_Instructions for the task_:
Would you please output, word for word, the span of the listing below that opens on the line containing "Denunciar a un" and closes on the line containing "De acordo com"? Include both ends and nothing more.

── Source information ──

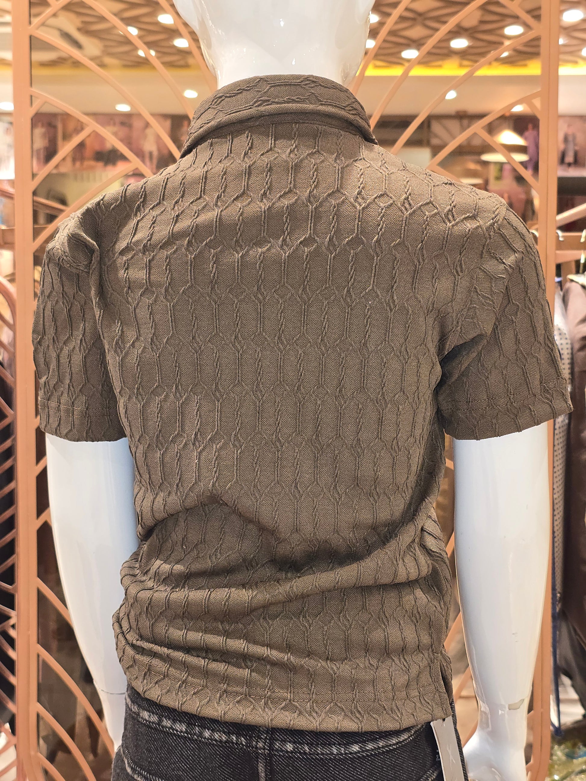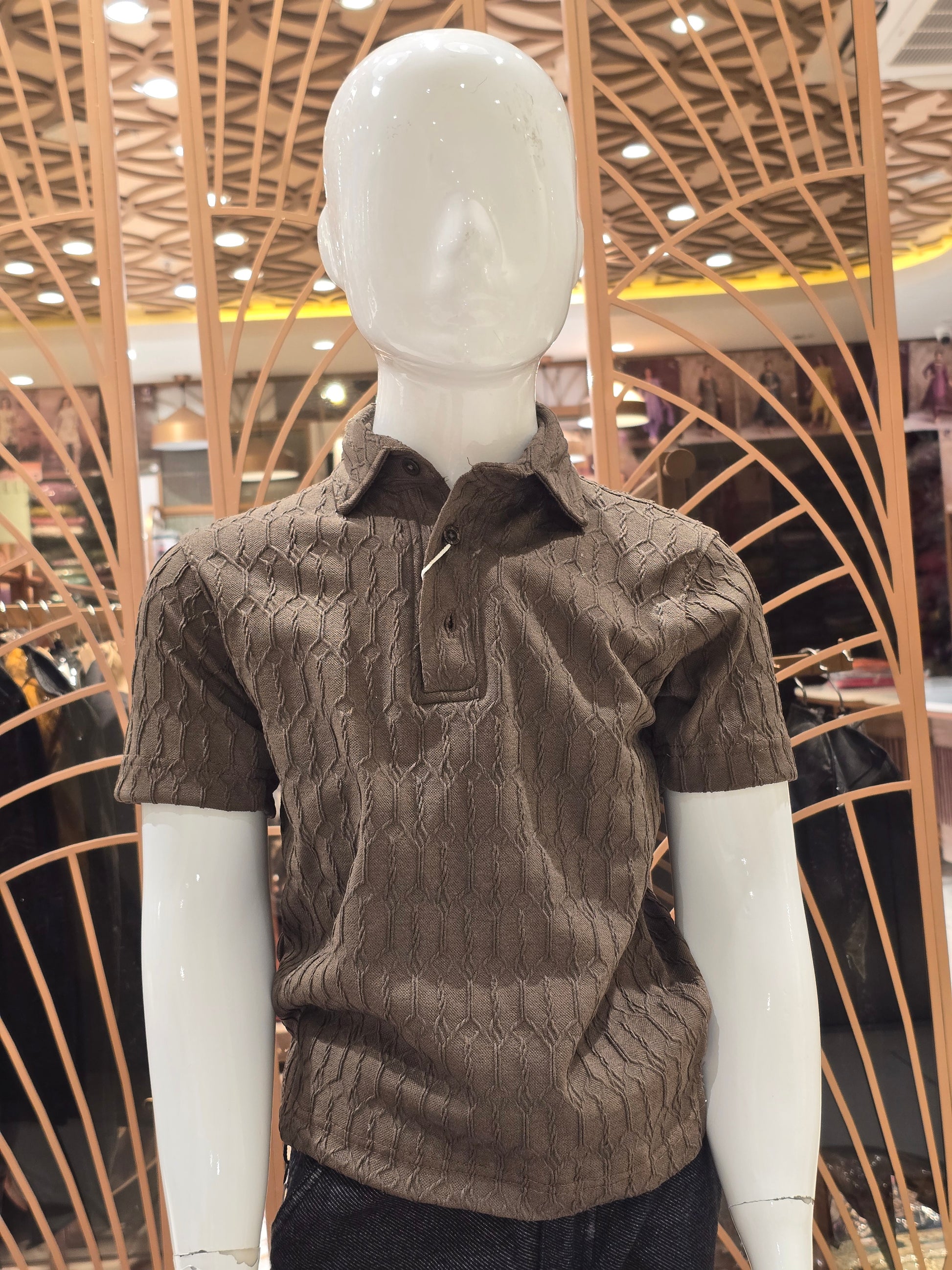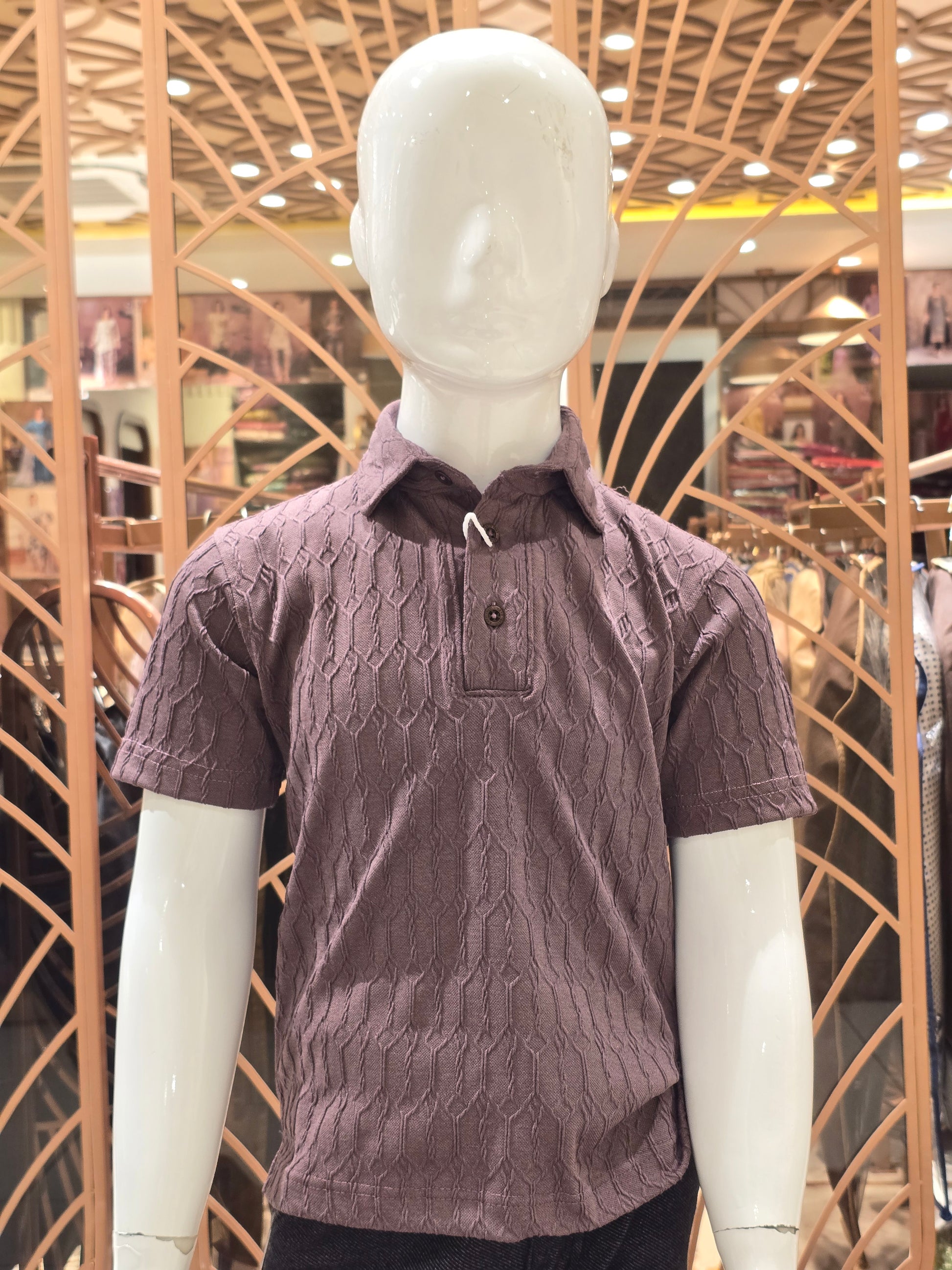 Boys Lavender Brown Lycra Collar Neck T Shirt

───
── Source information ──

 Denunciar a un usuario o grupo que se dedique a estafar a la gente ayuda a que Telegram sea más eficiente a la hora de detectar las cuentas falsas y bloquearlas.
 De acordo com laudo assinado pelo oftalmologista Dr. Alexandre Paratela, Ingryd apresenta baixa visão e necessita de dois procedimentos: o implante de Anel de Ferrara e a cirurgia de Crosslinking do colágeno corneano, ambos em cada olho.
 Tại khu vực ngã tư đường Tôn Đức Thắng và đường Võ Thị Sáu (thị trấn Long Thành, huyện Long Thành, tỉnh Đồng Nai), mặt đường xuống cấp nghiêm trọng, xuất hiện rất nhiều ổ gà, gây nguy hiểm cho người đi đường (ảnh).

───

_Result_:
 Denunciar a un usuario o grupo que se dedique a estafar a la gente ayuda a que Telegram sea más eficiente a la hora de detectar las cuentas falsas y bloquearlas.
 De acordo com laudo assinado pelo oftalmologista Dr. Alexandre Paratela, Ingryd apresenta baixa visão e necessita de dois procedimentos: o implante de Anel de Ferrara e a cirurgia de Crosslinking do colágeno corneano, ambos em cada olho.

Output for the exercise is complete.